By DAVID LEFF and SHARON KINGMAN
BBI Science Writers

Researchers in Iceland have discovered a variant of a gene that can almost quadruple someone's risk of suffering a stroke. The gene, which encodes a protein thought to play a role in the development of atherosclerosis, is the first to be identified that is associated with increased risk of the common forms of stroke.

Scientists at deCode Genetics (Reykjavik, Iceland), who made the discovery, are collaborating with F. Hoffmann-La Roche (Basel, Switzerland), on finding a drug that could be used to reduce the risk of stroke in those carrying the variant.

Their findings appear in the issue of Nature Genetics released online Sept. 22 and scheduled for publication in October. The article is titled, "The gene encoding phosphodiesterase 4D [PDE4D] confers risk of ischemic stroke." Its co-senior author is medical geneticist and neurologist Kari Stefansson, chairman, chief executive officer and president of deCode Genetics.
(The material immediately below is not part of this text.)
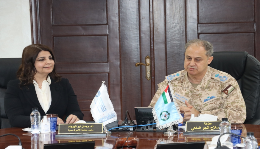 استقبل قائد سلاح الجو الملكي العميد الركن الطيار محمد فتحي حياصات ، اليوم الثلاثاء ، في قيادة السلاح رئيس جامعة الاميرة سمية ، الأستاذ الدكتور وجدان أبو الهيجاء والوفد المرافق لها.
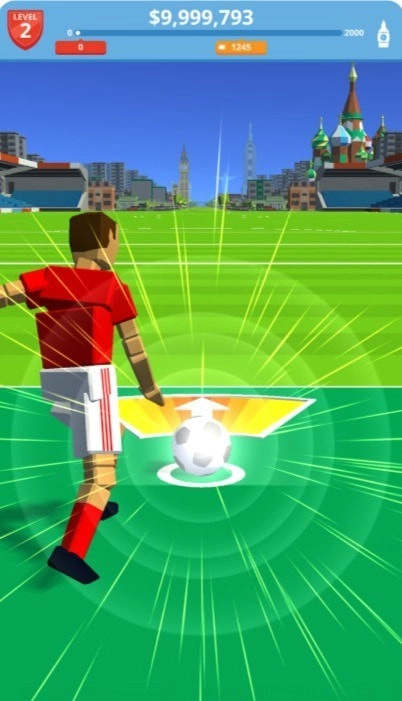 踢得越远,赚的硬币就越多,尽可能用力踢足球。

Stefansson said the basic findings reported in the paper are the discovery of a gene that he said "contains variants predisposed to the common form of stroke [and] that we have protein made by this gene, which in this instance is a good drug target."

In collaboration with Roche, the deCode researchers started a drug discovery program on the basis of these molecules. "We have gone to high-throughput screening and are very optimistic that it's going to lead us in the end, years down the road, to a drug that will prevent the genetic predisposition from being turned into stroke," Stefansson said.

"The other category of implications allows us to identify the individuals who have a particular predisposition to the development of stroke," he said, terming that important "because it can help to focus and contain stroke risks [such as] hypertension." And, he added, "they would also be the target population for the drugs designed against this particular protein."

So, said Stefansson, "these are the two industrial implications: the possibilities of facilitating drug development and of developing diagnoses. It is the first gene isolated in a disease of this complexity."

The article's lead author, geneticist Solveig Gretarsdottir, and fellow researchers at deCode last year mapped that PDE4D stroke-susceptibility gene to the long arm of human chromosome 5. In the present study, working with doctors and researchers at Iceland's National University and its Heart Association, they report a large-scale screening to identify the gene in question, involving sampling 1,800 Icelandic adults who had suffered a stroke both patients and unaffected relatives from across Iceland, which has a total population of just under 278,000.

"Within this PDE4D gene," Stefansson observed, "our team identified haplotypes (specific sets of genetic markers) that correspond to both increased risk of stroke and significantly decreased risk. Expression and functional analyses of the gene strongly suggest that PDE4D plays an important role in atherosclerosis. This most likely is by influencing the proliferation and migration of smooth muscle cells within arteries, which is central to the biology of ischemic stroke."

Stefansson said, "A drug that could inhibit PDE4D or one of its specific isoforms might therefore be useful in counteracting atherosclerosis, and thereby reduce the risk of stroke." He said deCode and Roche "have initiated medicinal chemistry work on compounds we have identified as active against targets in the PDE4D pathway."

Separately, deCode also is developing a DNA-based diagnostic test based upon the at-risk and protective haplotypes within the PDE4D gene.

Although there are no variants in the gene itself connected to stroke, the authors did show that three different isoform variants of the gene were expressed at lower levels in patients affected by the disease.

"Stroke is among the diseases that has highest incidence in old age," Stefansson noted, "and therefore it's becoming more and more common a disease in our society, probably the most common cause of disability."

Environmental factors contribute to stroke, Stefansson noted. "It happens at the intersection between genes and environment. Any increase in blood pressure increases probability of stroke. Certain drugs of abuse increase that probability," he said. "One of the commonest risk factors occurs in young people, who rarely develop stroke. The few instances when they do often follow heavy consumption of alcohol."

If you look at the role of genetics, he said, "the beauty of isolating the genes is that when you have the equation between two unknowns, one is the genetic component, the other environmental. When you have found No. 1, it is simpler to find No. 2."

Stefansson said deCode is now in a drug discovery phase, using the protein made by the gene as a target. "We are also into the development of diagnostic tests, based on genes. That is where we are putting most of our efforts these days," he said.

"We and Roche are jointly applying for patents to protect our investment for stroke medications," Stefansson said. "The big message now for biotechies is that we have technology that allows us to pull out genes in the common diseases." But also, he noted, "because it gives us a new insight into the possible ways of treating and diagnosing diseases, and even preventing them."